**Task instructions**
In the material below, begin at the line that has "iconographical information ////", stop after the line that has "Horas antes do", and transcribe those lines exactly, without pictures.

**Records for this task**
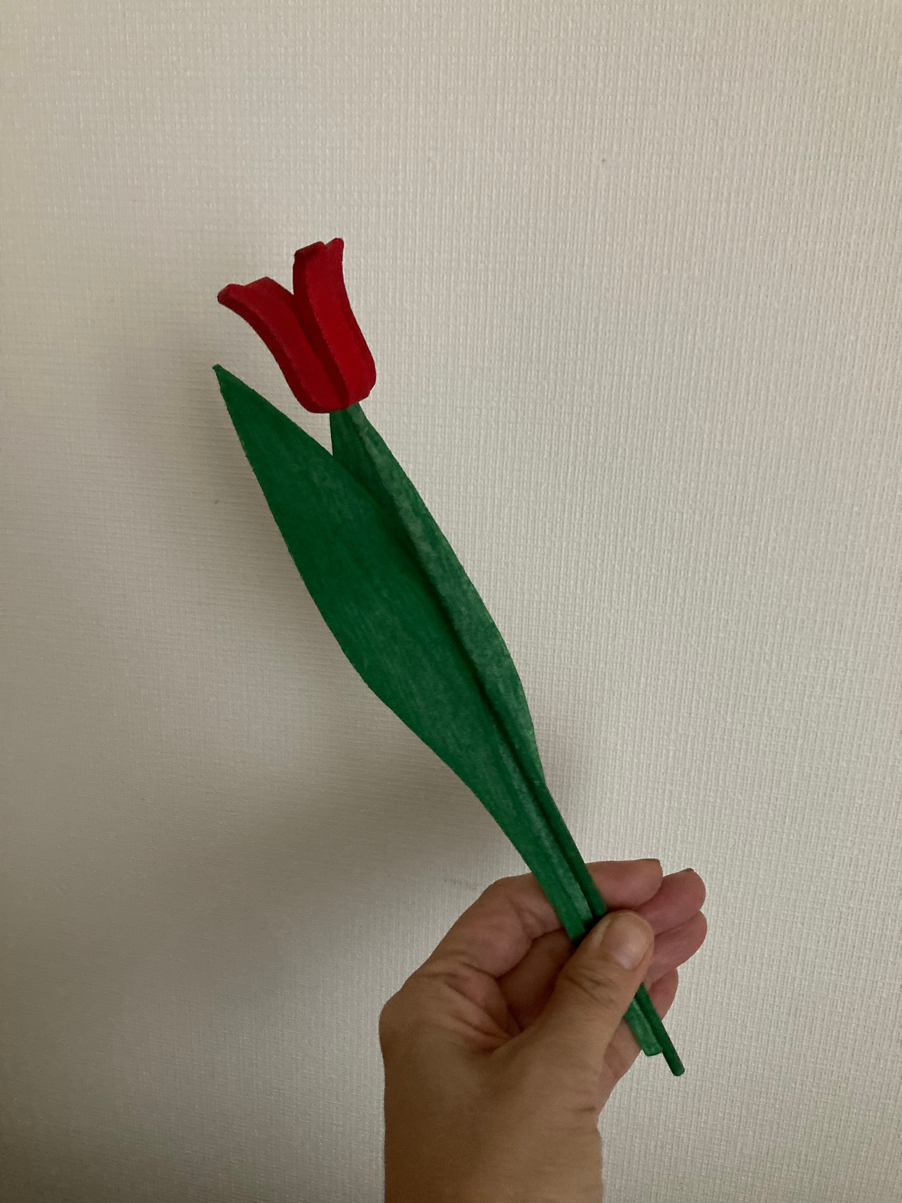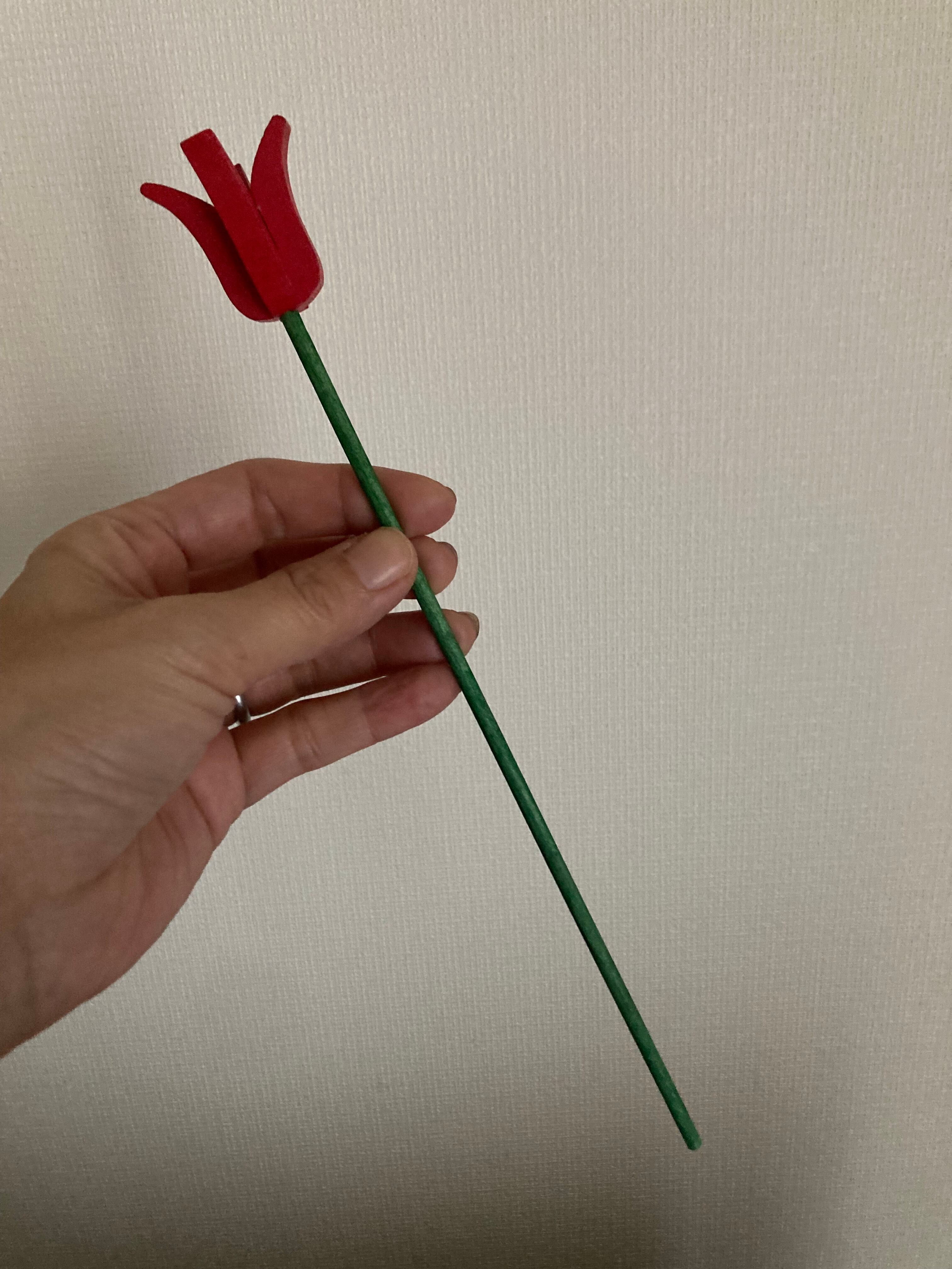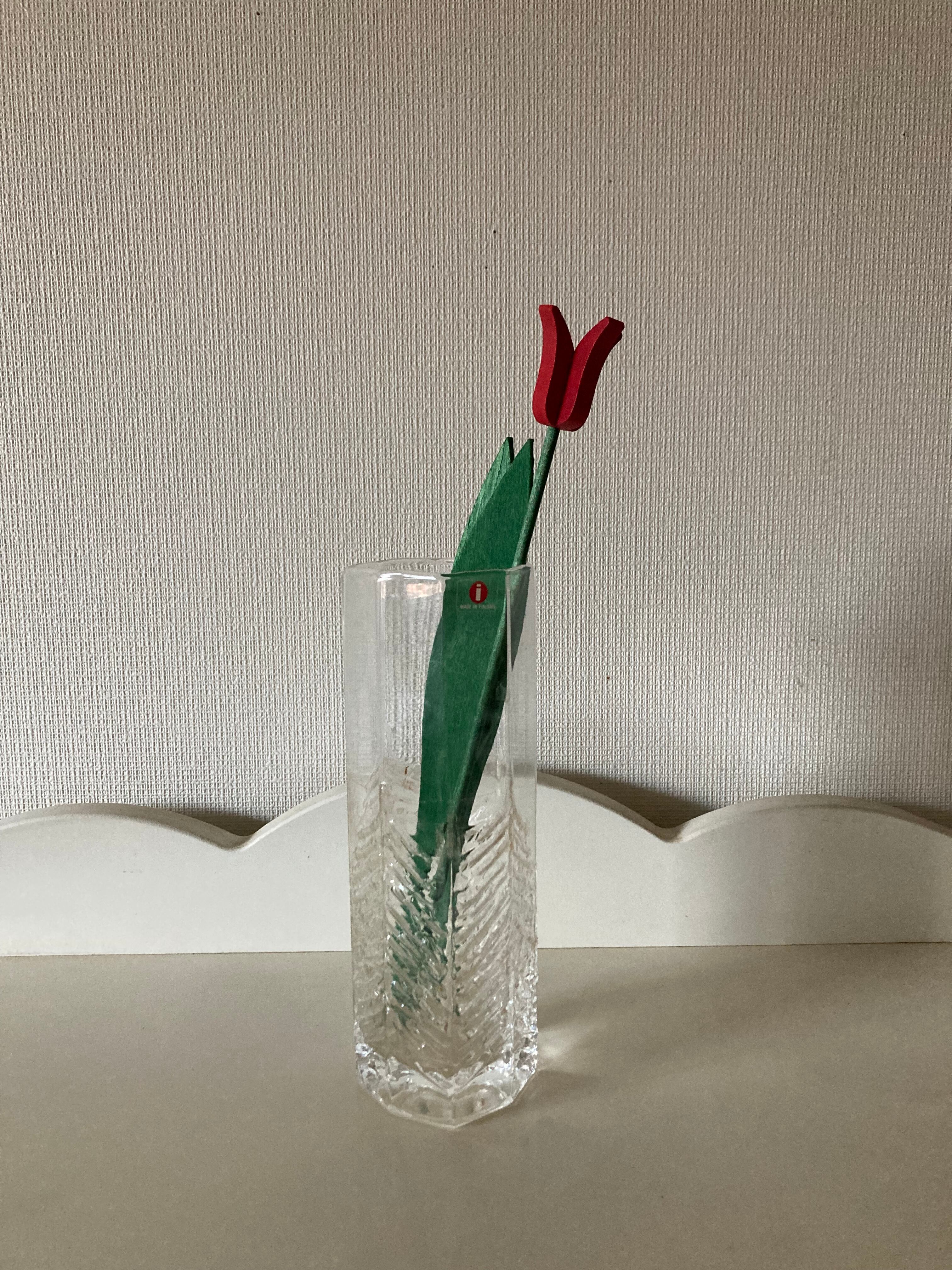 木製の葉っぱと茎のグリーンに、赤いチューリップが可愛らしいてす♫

==

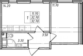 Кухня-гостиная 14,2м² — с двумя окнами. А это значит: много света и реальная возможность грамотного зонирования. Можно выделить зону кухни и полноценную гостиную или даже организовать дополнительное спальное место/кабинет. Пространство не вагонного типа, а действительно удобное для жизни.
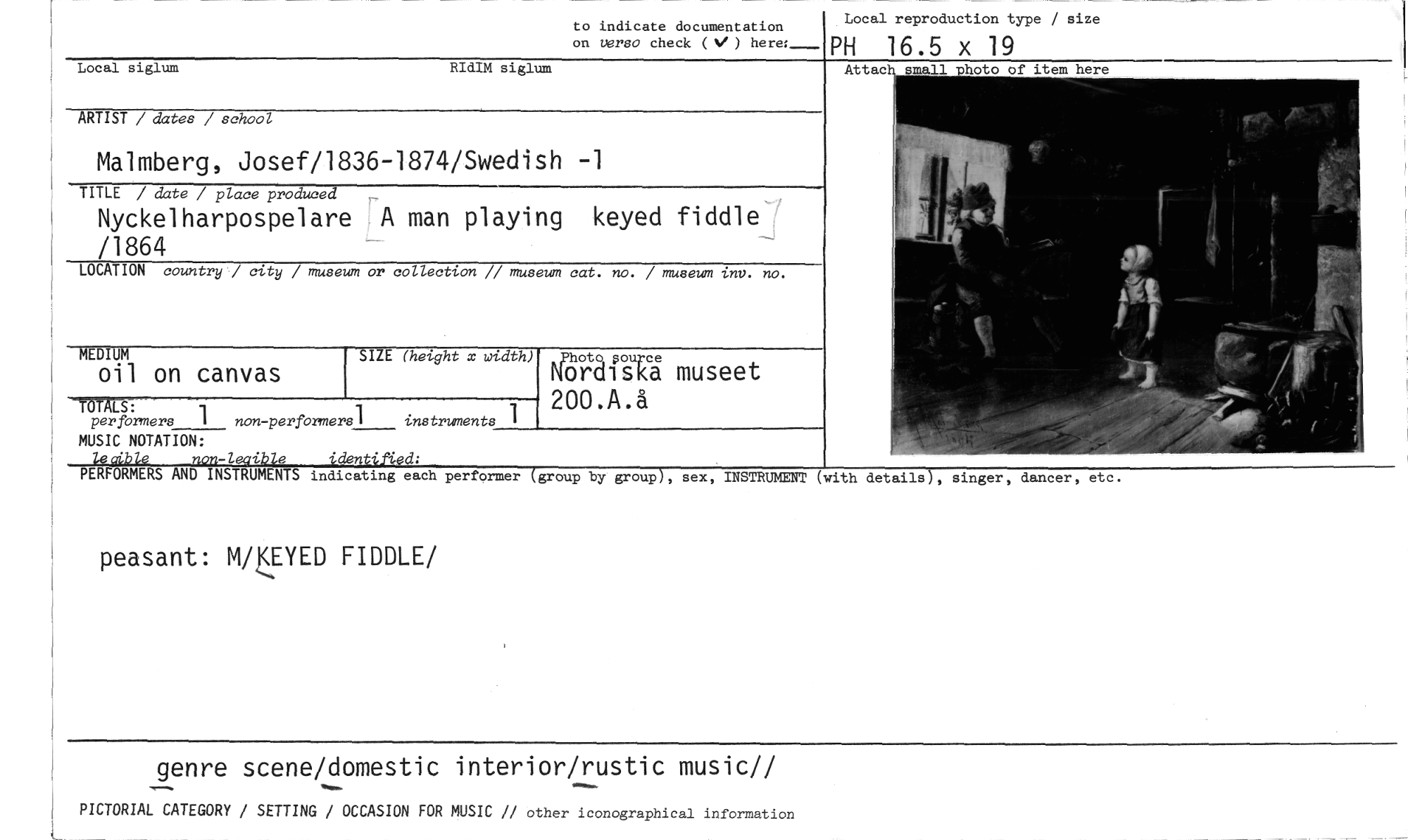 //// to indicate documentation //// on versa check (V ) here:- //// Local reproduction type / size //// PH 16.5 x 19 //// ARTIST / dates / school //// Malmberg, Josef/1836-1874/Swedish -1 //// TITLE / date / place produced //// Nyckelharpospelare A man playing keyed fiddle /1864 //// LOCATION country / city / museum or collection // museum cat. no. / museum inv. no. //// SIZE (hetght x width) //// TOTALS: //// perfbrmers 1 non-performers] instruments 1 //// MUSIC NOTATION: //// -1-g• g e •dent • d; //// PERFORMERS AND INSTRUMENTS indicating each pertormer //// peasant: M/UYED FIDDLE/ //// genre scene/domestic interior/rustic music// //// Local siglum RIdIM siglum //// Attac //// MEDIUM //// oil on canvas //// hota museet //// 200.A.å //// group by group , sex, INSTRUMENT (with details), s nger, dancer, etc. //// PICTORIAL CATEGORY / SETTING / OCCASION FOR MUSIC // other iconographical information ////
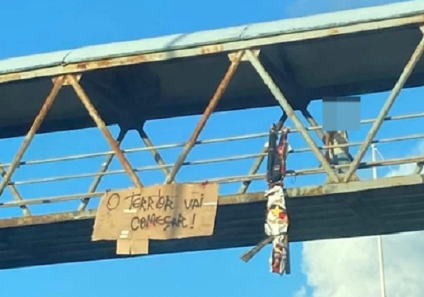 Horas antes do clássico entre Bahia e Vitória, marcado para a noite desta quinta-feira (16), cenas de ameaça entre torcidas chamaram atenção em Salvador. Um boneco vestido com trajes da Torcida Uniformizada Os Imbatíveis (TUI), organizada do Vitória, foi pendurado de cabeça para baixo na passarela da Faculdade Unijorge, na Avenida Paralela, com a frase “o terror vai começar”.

...

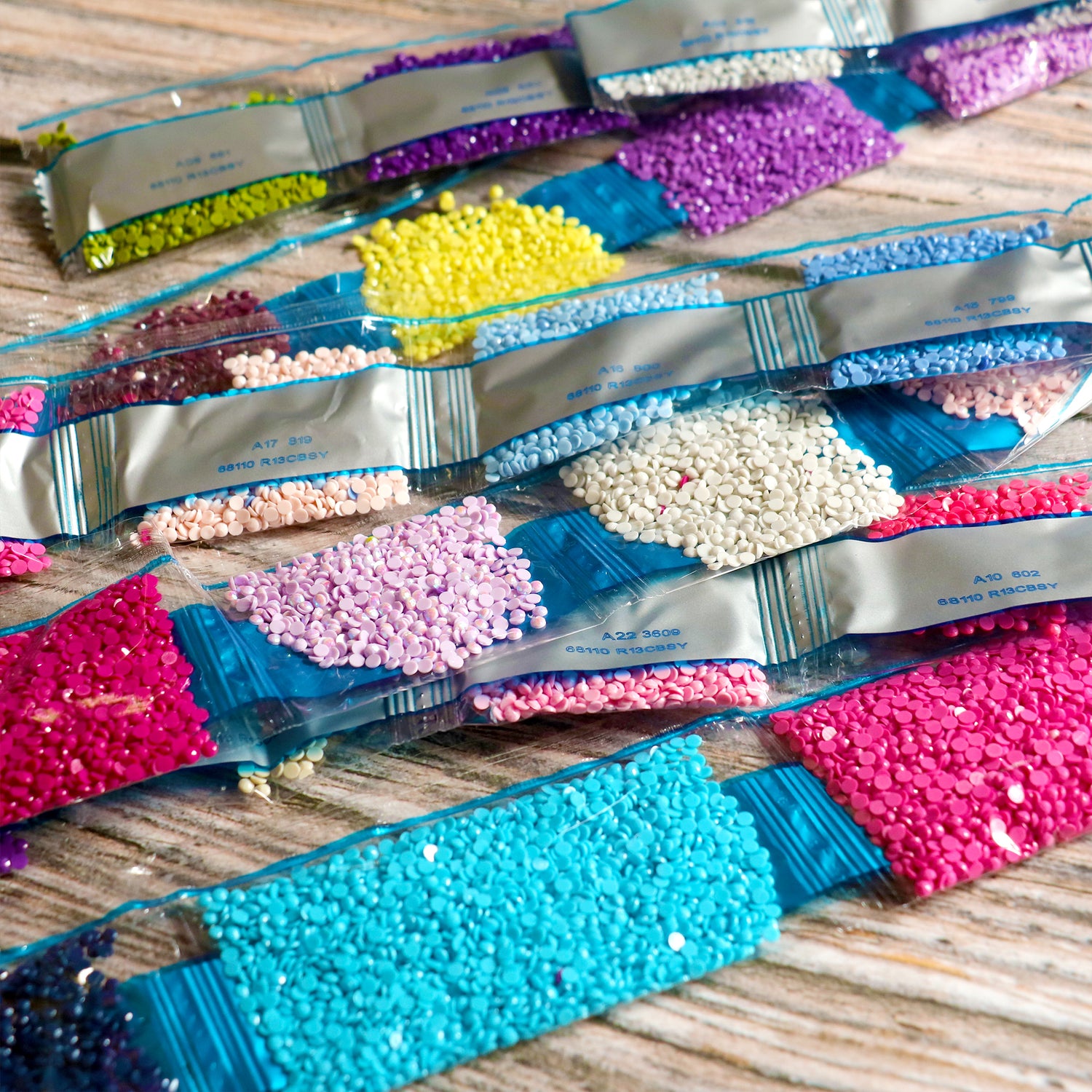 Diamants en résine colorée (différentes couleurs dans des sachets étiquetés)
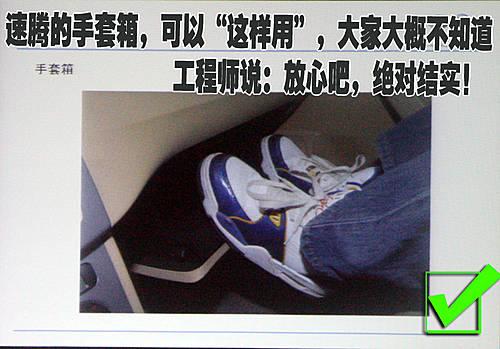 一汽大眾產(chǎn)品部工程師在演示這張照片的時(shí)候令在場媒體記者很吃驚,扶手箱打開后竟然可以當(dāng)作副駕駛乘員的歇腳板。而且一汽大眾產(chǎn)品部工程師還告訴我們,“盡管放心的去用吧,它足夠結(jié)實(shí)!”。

**Final answer**
 //// to indicate documentation //// on versa check (V ) here:- //// Local reproduction type / size //// PH 16.5 x 19 //// ARTIST / dates / school //// Malmberg, Josef/1836-1874/Swedish -1 //// TITLE / date / place produced //// Nyckelharpospelare A man playing keyed fiddle /1864 //// LOCATION country / city / museum or collection // museum cat. no. / museum inv. no. //// SIZE (hetght x width) //// TOTALS: //// perfbrmers 1 non-performers] instruments 1 //// MUSIC NOTATION: //// -1-g• g e •dent • d; //// PERFORMERS AND INSTRUMENTS indicating each pertormer //// peasant: M/UYED FIDDLE/ //// genre scene/domestic interior/rustic music// //// Local siglum RIdIM siglum //// Attac //// MEDIUM //// oil on canvas //// hota museet //// 200.A.å //// group by group , sex, INSTRUMENT (with details), s nger, dancer, etc. //// PICTORIAL CATEGORY / SETTING / OCCASION FOR MUSIC // other iconographical information ////
 Horas antes do clássico entre Bahia e Vitória, marcado para a noite desta quinta-feira (16), cenas de ameaça entre torcidas chamaram atenção em Salvador. Um boneco vestido com trajes da Torcida Uniformizada Os Imbatíveis (TUI), organizada do Vitória, foi pendurado de cabeça para baixo na passarela da Faculdade Unijorge, na Avenida Paralela, com a frase “o terror vai começar”.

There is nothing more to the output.